The Easter troparion proclaims: "Christ has trampled down death by Death." And the most common Easter icon is that of the Descent into Hell; Easter is the conquering of hades and its master, the devil.

If then the mission of the Church comes in the form of Christ, it has to associate with the poor and the sinners, it has to suffer with the suffering, and it should not shrink back from entering the hell of this world in order to offer the world God's salvation.

This kind of mission will not be a social ideology favoring a certain social stratum. On the contrary, by going down to the uttermost desolated places of this world, all the world and all that lives in it will be saved. Christ associated with the greatest sinners and the poorest of the poor and went into the depths of hell because, as the Fathers explain, "what is not assumed is not healed and what is united to God is saved." In order to save the whole man, Christ had to have a real human body, a human soul, and a human will and descent into death. This is what the Fathers defended in the christological debates and what the Ecumenical Councils defined. In order to save all people, Christ had to live with the littlest ones. This was the only way in which Christ could enter "into the domain usurped by the devil and break up the power of the devil over humanity." All are saved: "Christ the Life, by tasting death, has delivered mortal men from death and now gives life to all."

In order to save all, the Church in its mission also has to enter into the hell of this world, not being afraid to be characterized as "a pack of sinners, fools and simple men, violators of convention, disturbers of law and order," as the non-Christian Celsus characterized Christianity in the 4th century.

Entering the world and descending into its hell seems to contradict leaving the world and going up towards the Kingdom. In fact, both approaches are complementary.
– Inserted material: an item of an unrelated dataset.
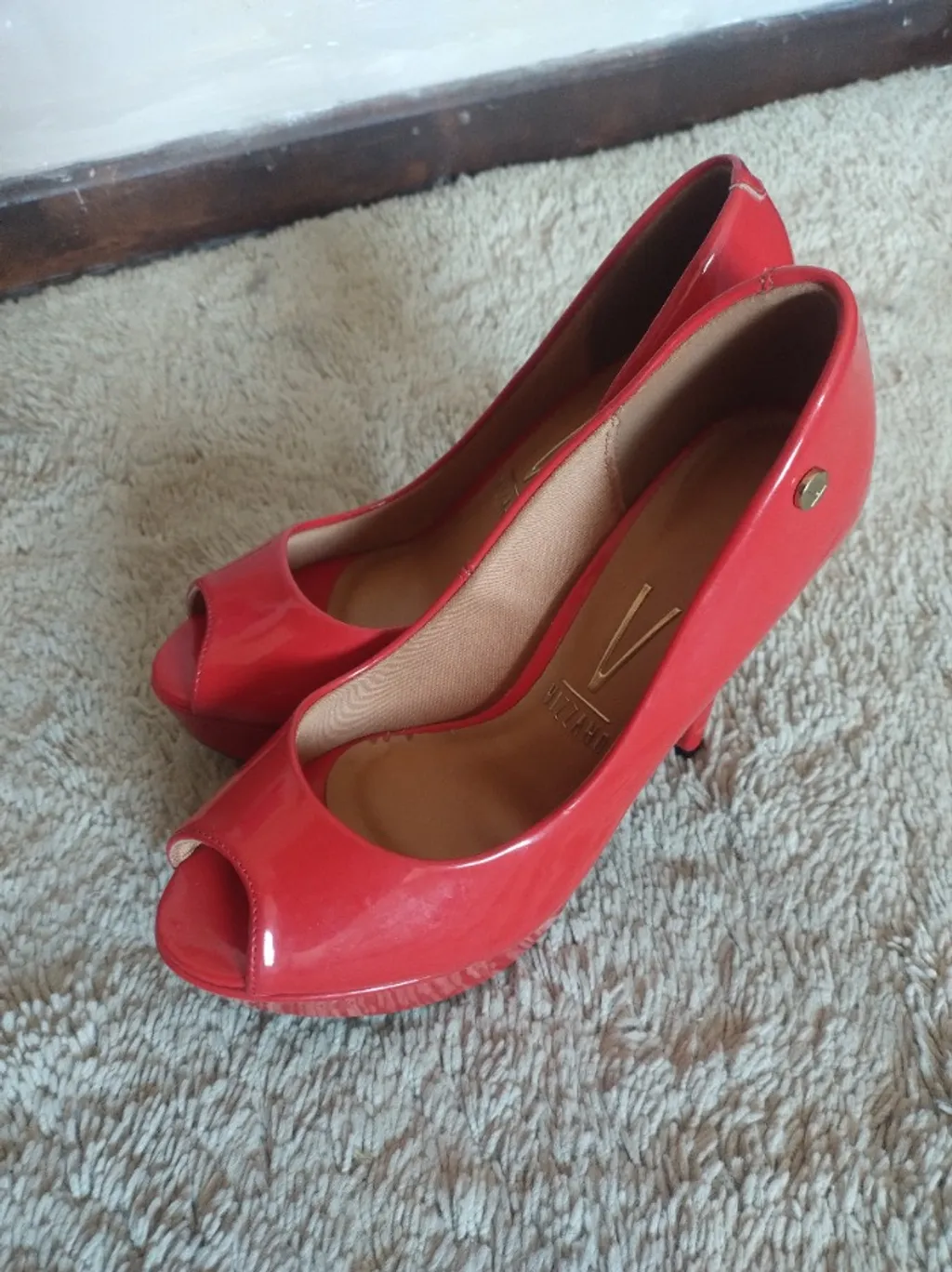 Peep toe verniz vermelho Vizzano

Moreover, it seems to be one continuing course: after going out of the world and up to the Kingdom, and communicating in the New Life, the Love experienced will flow over, inciting a going out into the world, now as witnesses of this Love.

Our entering into the world does not stop when we no longer feel comfortable; it will become a descent into hell. The descent, however, is not a goal in itself; it is the one way in which to achieve salvation, taking the world up toward the Kingdom. The Church enters the world in order to invite it to the Lord's Table in His Kingdom (Luke 22:30), just as the Word of God, the brightness of God's glory, entered the world, emptied himself, and took human form in order to fashion us into icons of his glory. In the end, it is the glory of God which all mission should reveal.
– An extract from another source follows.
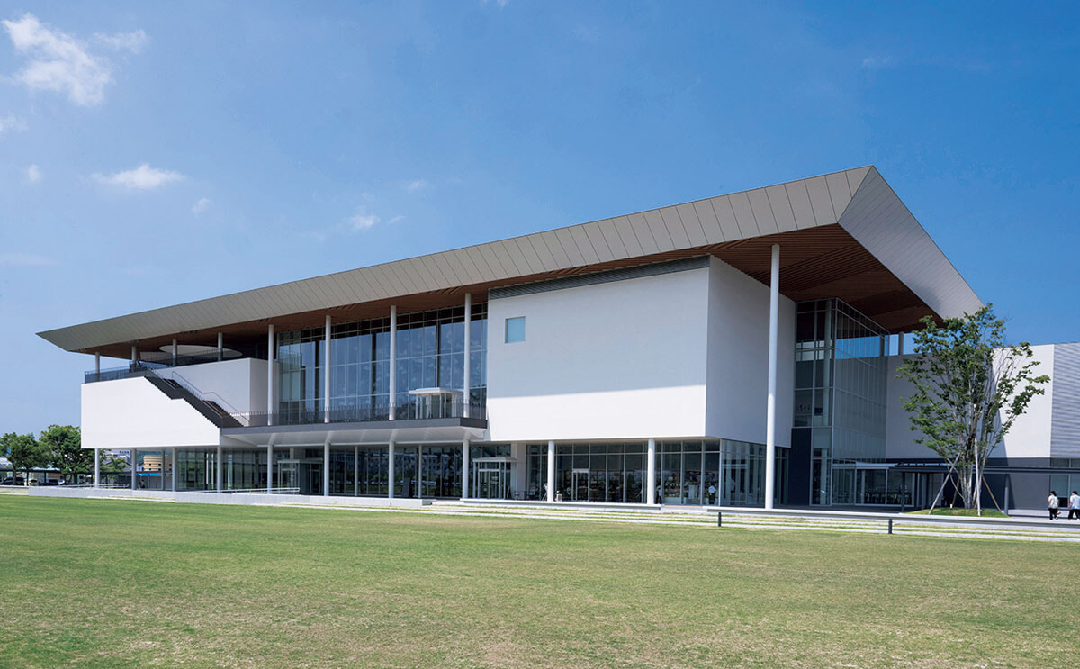 建築は島根県出身の高松伸が手がけた。弧を描くシルエットが特徴。

Father Lambert van Dinteren serves in the parish of Sts. John Chrysostom and Servatios in Maastricht, the Netherlands. This is an abridged version of his essay, "Revealing the Doxa of God: the mission of the Church in the world: an Orthodox view", to be published [by whom? where? when?]. In 1992 he represented the Orthodox Peace Fellowship at the World Council of Churches meeting on "a new heaven and a new earth" held in Brazil in connection with the United Nations "Earth Summit."